TASK OBJECTIVE:
Please reproduce the data exactly, though every picture must stay out.
[[ RAW DATA, beginning ]]
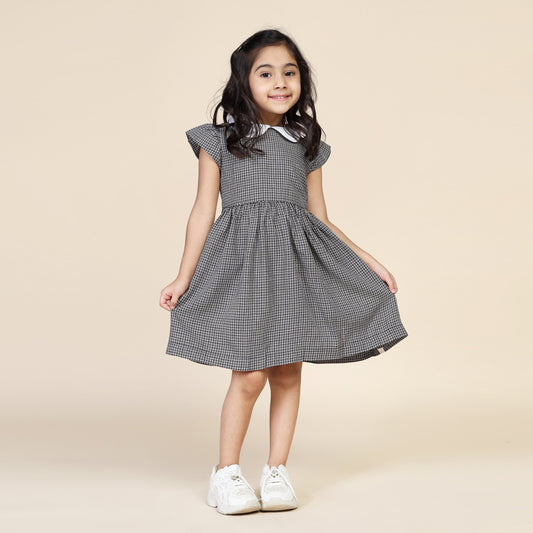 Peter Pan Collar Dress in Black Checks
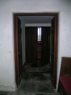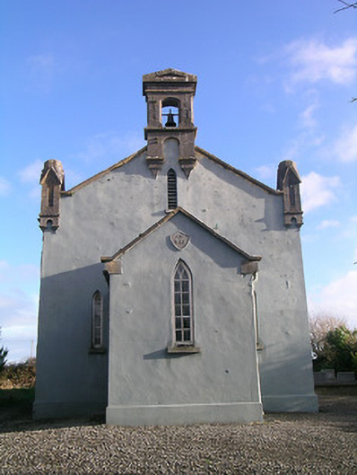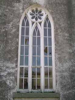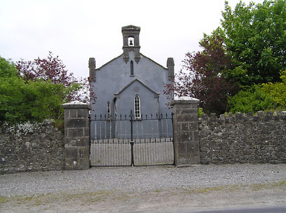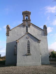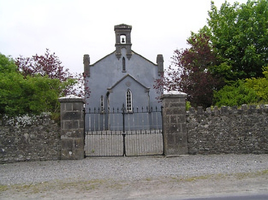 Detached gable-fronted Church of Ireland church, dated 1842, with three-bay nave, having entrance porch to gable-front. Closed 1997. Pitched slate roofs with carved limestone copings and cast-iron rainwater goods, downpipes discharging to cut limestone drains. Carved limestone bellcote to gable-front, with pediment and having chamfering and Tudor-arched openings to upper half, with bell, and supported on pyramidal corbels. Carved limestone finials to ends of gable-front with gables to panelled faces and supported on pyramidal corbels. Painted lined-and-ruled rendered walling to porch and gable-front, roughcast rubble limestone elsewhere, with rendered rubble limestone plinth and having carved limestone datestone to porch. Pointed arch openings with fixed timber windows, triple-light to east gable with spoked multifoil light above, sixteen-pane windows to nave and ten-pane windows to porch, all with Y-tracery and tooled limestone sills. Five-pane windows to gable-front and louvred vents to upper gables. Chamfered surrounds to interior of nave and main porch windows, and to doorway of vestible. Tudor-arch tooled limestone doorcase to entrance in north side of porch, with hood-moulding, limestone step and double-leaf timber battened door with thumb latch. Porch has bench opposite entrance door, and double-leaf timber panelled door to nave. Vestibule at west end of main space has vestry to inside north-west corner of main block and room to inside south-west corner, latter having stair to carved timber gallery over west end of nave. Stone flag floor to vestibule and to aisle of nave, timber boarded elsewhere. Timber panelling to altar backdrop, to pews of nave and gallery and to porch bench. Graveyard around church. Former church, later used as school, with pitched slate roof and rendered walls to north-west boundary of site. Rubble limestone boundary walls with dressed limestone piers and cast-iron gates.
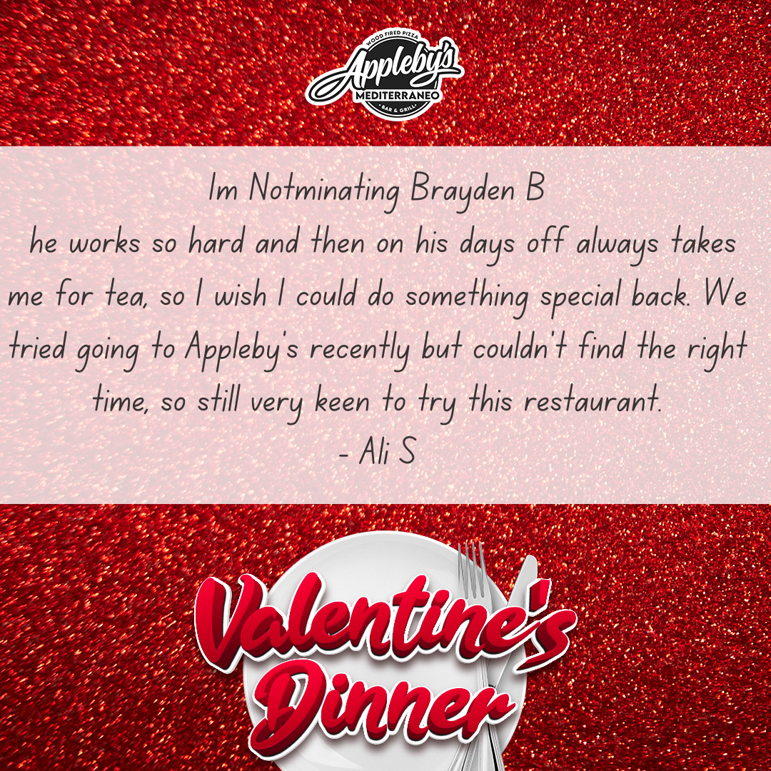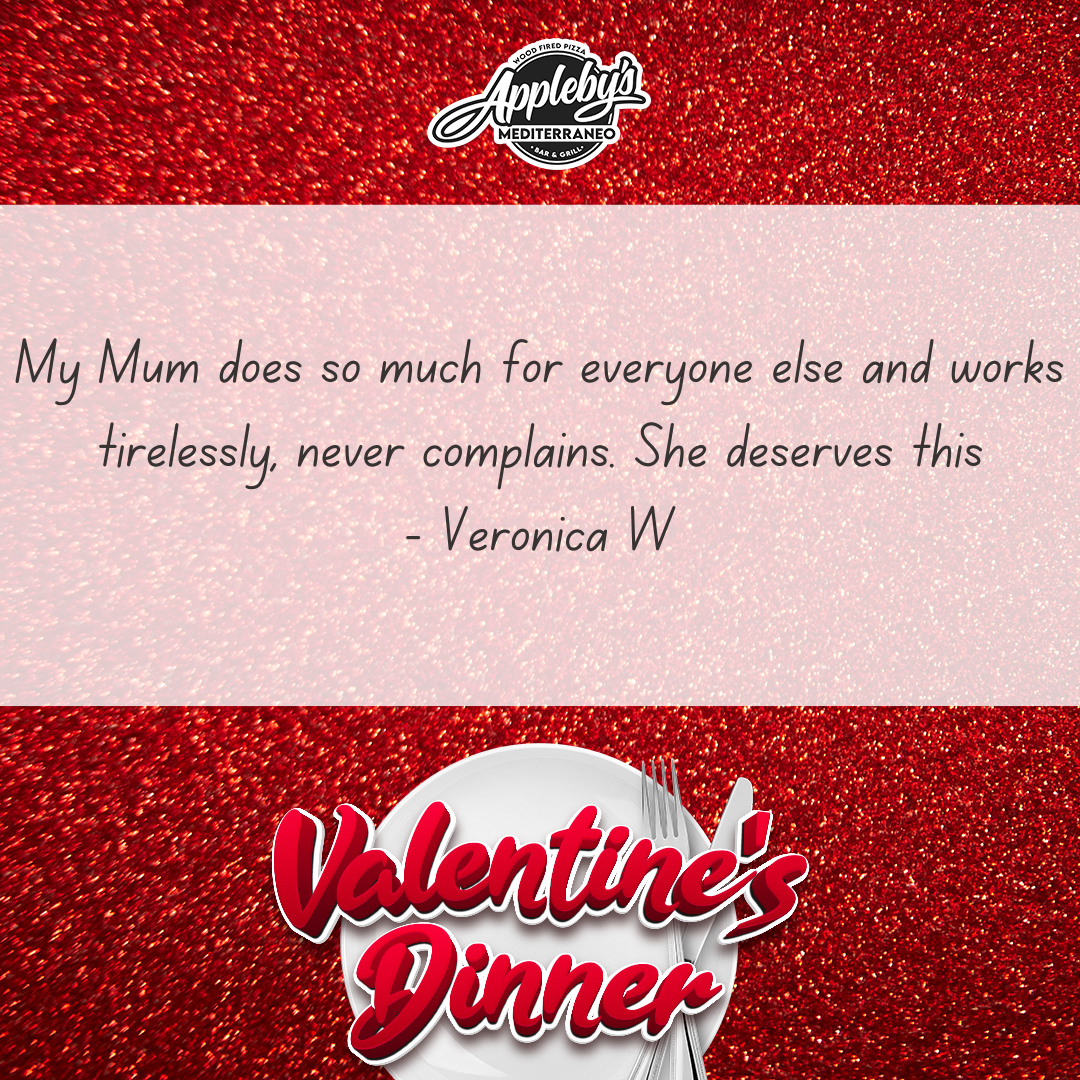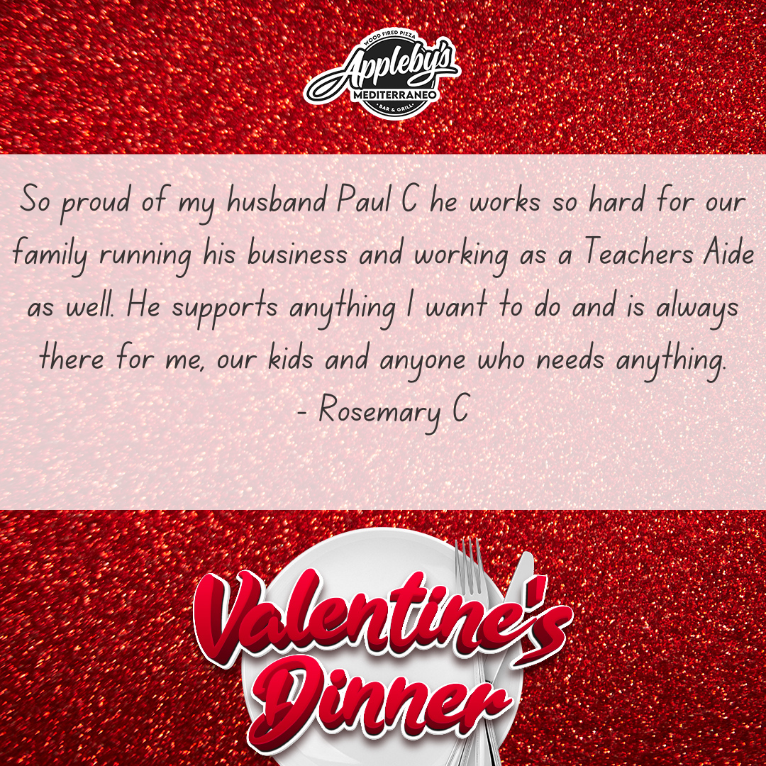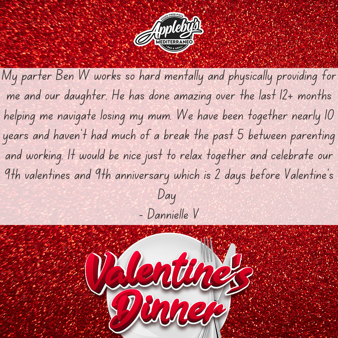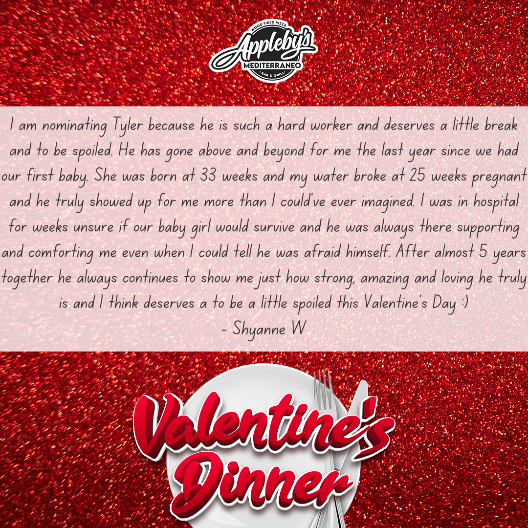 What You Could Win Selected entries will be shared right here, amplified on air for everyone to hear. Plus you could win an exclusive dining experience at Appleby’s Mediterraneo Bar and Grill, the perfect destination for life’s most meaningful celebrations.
[[ RAW DATA, end ]]
WRITTEN RESPONSE:
 Peter Pan Collar Dress in Black Checks
 Detached gable-fronted Church of Ireland church, dated 1842, with three-bay nave, having entrance porch to gable-front. Closed 1997. Pitched slate roofs with carved limestone copings and cast-iron rainwater goods, downpipes discharging to cut limestone drains. Carved limestone bellcote to gable-front, with pediment and having chamfering and Tudor-arched openings to upper half, with bell, and supported on pyramidal corbels. Carved limestone finials to ends of gable-front with gables to panelled faces and supported on pyramidal corbels. Painted lined-and-ruled rendered walling to porch and gable-front, roughcast rubble limestone elsewhere, with rendered rubble limestone plinth and having carved limestone datestone to porch. Pointed arch openings with fixed timber windows, triple-light to east gable with spoked multifoil light above, sixteen-pane windows to nave and ten-pane windows to porch, all with Y-tracery and tooled limestone sills. Five-pane windows to gable-front and louvred vents to upper gables. Chamfered surrounds to interior of nave and main porch windows, and to doorway of vestible. Tudor-arch tooled limestone doorcase to entrance in north side of porch, with hood-moulding, limestone step and double-leaf timber battened door with thumb latch. Porch has bench opposite entrance door, and double-leaf timber panelled door to nave. Vestibule at west end of main space has vestry to inside north-west corner of main block and room to inside south-west corner, latter having stair to carved timber gallery over west end of nave. Stone flag floor to vestibule and to aisle of nave, timber boarded elsewhere. Timber panelling to altar backdrop, to pews of nave and gallery and to porch bench. Graveyard around church. Former church, later used as school, with pitched slate roof and rendered walls to north-west boundary of site. Rubble limestone boundary walls with dressed limestone piers and cast-iron gates.
 What You Could Win Selected entries will be shared right here, amplified on air for everyone to hear. Plus you could win an exclusive dining experience at Appleby’s Mediterraneo Bar and Grill, the perfect destination for life’s most meaningful celebrations.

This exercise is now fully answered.